Collection entries
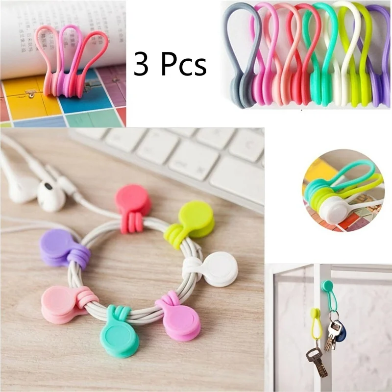 Comprar 3/6 Uds. Bridas giratorias reutilizables para agrupar cables organizadores auriculares Cable de carga USB enrollador de Cable de silicona Clips de Cable magnéticos
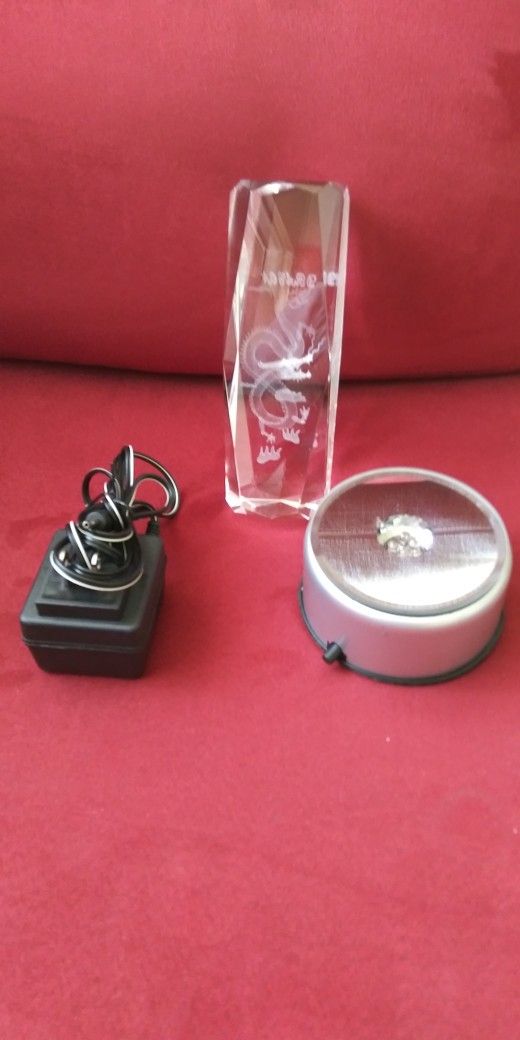 Sports & outdoors LOOK !!! Crystal dragon & 4 LED 3" Light Stand Night Light Rotating Base .heavy 3 lbs all together. Like new i never use it...electric or battery operated...BEAUTIFUL hard to find Please check my other items collectibles and .925 jewelry and coins
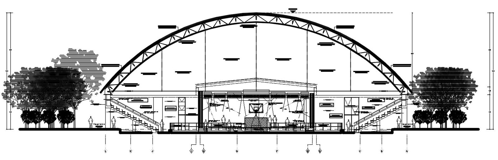 Cross section A-A of the sports stadium design in AutoCAD 2D drawing, CAD file, dwg file
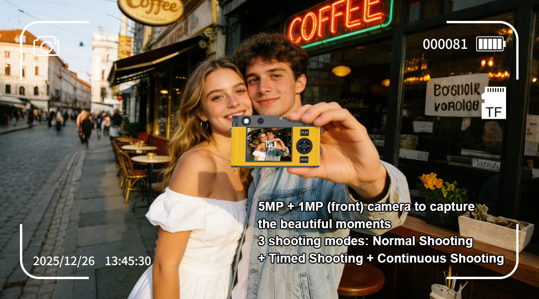 Equipped with a 2.4-inch rear IPS screen and a 1.3-inch front screen, framing selfies and recording vlogs has never been easier.
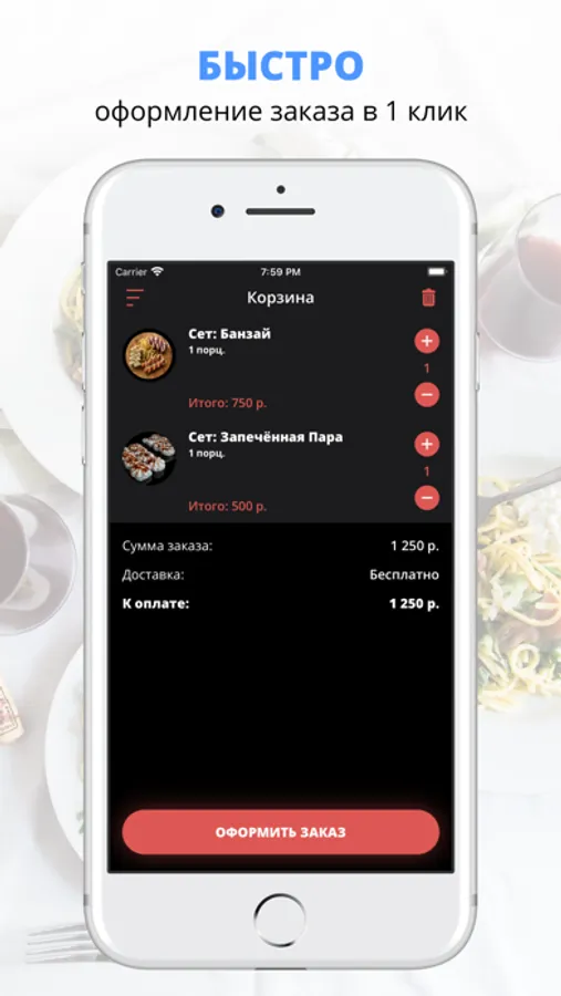 Скачивайте наше приложение, оформляйте заказ и наслаждайтесь быстрой доставкой и любимой едой, где бы Вы ни были! Приятного аппетита!

TASK INSTRUCTIONS: Return all of the data exactly as written, and drop the pictures.

RESPONSE BELOW:
 Comprar 3/6 Uds. Bridas giratorias reutilizables para agrupar cables organizadores auriculares Cable de carga USB enrollador de Cable de silicona Clips de Cable magnéticos
 Sports & outdoors LOOK !!! Crystal dragon & 4 LED 3" Light Stand Night Light Rotating Base .heavy 3 lbs all together. Like new i never use it...electric or battery operated...BEAUTIFUL hard to find Please check my other items collectibles and .925 jewelry and coins
 Cross section A-A of the sports stadium design in AutoCAD 2D drawing, CAD file, dwg file
 Equipped with a 2.4-inch rear IPS screen and a 1.3-inch front screen, framing selfies and recording vlogs has never been easier.
 Скачивайте наше приложение, оформляйте заказ и наслаждайтесь быстрой доставкой и любимой едой, где бы Вы ни были! Приятного аппетита!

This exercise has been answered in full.